**Directions for this task:** Exactly reproduce the line that contains "Sparkly Luxury Sheath" and all lines after it in the entries below, through the very last line.

**Data for review:**
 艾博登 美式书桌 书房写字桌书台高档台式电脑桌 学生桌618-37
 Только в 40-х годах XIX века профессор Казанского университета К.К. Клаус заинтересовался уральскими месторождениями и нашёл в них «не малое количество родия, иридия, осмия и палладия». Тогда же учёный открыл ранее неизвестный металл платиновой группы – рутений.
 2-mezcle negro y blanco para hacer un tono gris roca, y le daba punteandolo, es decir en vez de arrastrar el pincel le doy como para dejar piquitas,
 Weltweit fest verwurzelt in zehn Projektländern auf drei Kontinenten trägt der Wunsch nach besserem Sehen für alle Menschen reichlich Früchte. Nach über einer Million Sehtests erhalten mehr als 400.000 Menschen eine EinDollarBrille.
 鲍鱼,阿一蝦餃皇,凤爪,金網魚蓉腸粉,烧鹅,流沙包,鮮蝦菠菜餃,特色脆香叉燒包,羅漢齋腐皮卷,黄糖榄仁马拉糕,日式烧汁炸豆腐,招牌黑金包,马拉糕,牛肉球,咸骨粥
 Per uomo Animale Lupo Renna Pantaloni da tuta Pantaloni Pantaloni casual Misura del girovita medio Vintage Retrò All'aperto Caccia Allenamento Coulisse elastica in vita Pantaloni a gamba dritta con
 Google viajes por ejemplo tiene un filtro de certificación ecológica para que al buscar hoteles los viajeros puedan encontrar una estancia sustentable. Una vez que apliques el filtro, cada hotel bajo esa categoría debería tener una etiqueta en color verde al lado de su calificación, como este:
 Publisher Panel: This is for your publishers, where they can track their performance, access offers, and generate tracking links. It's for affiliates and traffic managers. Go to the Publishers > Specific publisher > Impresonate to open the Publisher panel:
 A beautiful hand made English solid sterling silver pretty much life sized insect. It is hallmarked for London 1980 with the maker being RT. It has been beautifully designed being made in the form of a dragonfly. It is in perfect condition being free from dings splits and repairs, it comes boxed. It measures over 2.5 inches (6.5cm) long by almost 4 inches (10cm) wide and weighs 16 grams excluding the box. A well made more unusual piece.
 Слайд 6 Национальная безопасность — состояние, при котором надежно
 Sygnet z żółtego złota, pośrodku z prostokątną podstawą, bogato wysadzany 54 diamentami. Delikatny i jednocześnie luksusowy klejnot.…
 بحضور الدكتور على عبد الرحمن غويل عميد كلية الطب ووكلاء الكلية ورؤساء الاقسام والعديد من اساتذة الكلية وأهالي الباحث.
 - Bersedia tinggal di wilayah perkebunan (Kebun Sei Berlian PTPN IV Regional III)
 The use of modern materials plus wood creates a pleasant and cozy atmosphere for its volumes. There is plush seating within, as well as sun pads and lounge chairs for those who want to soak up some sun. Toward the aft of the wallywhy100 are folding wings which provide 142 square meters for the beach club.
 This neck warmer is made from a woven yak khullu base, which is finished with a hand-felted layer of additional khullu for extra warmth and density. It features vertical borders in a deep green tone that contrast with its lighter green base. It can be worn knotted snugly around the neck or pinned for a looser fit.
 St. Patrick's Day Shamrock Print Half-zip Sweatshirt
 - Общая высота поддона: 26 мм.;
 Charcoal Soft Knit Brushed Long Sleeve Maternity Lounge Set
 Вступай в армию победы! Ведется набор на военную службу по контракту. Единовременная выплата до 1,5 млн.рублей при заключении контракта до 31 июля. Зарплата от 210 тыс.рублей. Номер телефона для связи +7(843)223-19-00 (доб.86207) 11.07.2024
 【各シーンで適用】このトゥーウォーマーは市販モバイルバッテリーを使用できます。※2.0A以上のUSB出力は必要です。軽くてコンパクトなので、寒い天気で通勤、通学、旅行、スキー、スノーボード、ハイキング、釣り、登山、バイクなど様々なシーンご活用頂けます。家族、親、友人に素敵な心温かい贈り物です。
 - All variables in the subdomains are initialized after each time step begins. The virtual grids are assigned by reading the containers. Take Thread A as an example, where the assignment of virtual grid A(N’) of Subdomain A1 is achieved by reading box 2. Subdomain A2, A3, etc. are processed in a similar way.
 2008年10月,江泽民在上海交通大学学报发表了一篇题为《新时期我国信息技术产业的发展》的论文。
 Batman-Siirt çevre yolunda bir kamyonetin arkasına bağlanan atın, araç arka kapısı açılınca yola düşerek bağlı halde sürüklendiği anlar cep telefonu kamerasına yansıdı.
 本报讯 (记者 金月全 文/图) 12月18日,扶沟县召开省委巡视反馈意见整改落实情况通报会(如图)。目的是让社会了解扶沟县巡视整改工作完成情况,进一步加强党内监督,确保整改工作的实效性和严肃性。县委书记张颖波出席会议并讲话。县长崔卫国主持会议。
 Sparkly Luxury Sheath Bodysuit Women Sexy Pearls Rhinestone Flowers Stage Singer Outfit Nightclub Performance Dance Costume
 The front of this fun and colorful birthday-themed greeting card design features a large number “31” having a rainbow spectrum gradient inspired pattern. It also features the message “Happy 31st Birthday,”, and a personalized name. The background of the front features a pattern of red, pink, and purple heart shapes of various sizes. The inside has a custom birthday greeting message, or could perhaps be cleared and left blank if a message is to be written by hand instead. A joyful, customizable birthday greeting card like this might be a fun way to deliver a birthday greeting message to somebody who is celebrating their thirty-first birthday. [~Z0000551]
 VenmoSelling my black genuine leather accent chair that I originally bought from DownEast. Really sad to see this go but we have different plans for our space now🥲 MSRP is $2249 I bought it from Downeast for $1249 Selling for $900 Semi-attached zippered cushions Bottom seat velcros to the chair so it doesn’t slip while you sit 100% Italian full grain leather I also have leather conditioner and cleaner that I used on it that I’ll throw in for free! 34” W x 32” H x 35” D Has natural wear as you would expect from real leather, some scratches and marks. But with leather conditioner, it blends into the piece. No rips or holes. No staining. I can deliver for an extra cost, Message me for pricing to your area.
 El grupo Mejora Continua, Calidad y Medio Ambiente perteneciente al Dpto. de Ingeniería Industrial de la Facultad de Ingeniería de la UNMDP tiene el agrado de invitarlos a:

**Result for this task:**
 Sparkly Luxury Sheath Bodysuit Women Sexy Pearls Rhinestone Flowers Stage Singer Outfit Nightclub Performance Dance Costume
 The front of this fun and colorful birthday-themed greeting card design features a large number “31” having a rainbow spectrum gradient inspired pattern. It also features the message “Happy 31st Birthday,”, and a personalized name. The background of the front features a pattern of red, pink, and purple heart shapes of various sizes. The inside has a custom birthday greeting message, or could perhaps be cleared and left blank if a message is to be written by hand instead. A joyful, customizable birthday greeting card like this might be a fun way to deliver a birthday greeting message to somebody who is celebrating their thirty-first birthday. [~Z0000551]
 VenmoSelling my black genuine leather accent chair that I originally bought from DownEast. Really sad to see this go but we have different plans for our space now🥲 MSRP is $2249 I bought it from Downeast for $1249 Selling for $900 Semi-attached zippered cushions Bottom seat velcros to the chair so it doesn’t slip while you sit 100% Italian full grain leather I also have leather conditioner and cleaner that I used on it that I’ll throw in for free! 34” W x 32” H x 35” D Has natural wear as you would expect from real leather, some scratches and marks. But with leather conditioner, it blends into the piece. No rips or holes. No staining. I can deliver for an extra cost, Message me for pricing to your area.
 El grupo Mejora Continua, Calidad y Medio Ambiente perteneciente al Dpto. de Ingeniería Industrial de la Facultad de Ingeniería de la UNMDP tiene el agrado de invitarlos a:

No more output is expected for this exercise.